Though it is nearly 8 weeks late, if you need only about 4 digits of accuracy, you could use tan^{-1}\approx \frac{x(240+115x^{2})}{240+195x^{2}+17x^{4}}, x\in [-1,1] and for x outside that range, use the identity tan^{-1}(x)=\frac{\pi}{2}-tan^{-1}(\frac{1}{x}). It might be a pain by hand, but it is doable.
Using Chebyshev polynomials or Taylor Series will take you a looong time :P
So, as an example, take x=.1
tan^{-1}(.1)\approx \frac{.1(240+115*.01)}{240+195*.01+17*.0001}
= \frac{.1(241.15)}{241.9517}
= \frac{24.115}{241.9517}
\approx .0996686529
Compare to my calculator which returns .0996686525 ;)
See
this post for the derivation of that formula.
For arccos, you can use the identity:
cos^{-1}(x)=2tan^{-1}\left(\sqrt{\frac{1-x}{1+x}}\right), x\in (-1,1]

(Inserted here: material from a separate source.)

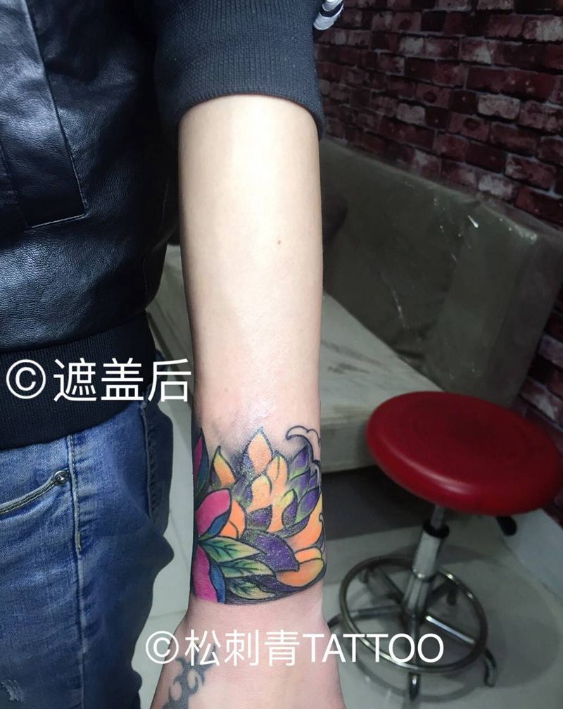 今日手腕图腾遮盖~设计荷花和浪花元素……纹身图片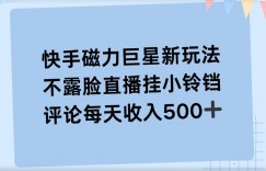 快手磁力聚星新玩法,不露脸直播挂载小铃铛,平均每天收入500+2024快手磁力巨星新玩法,

To compute square roots by hand, there are a number of methods, but the method I am most familiar with is in binary, so I don't know how useful that will be :/ (Note that the square root will be squared in two places plugging it into the arctangent approximation, so you don't technically need to compute the square root, there.)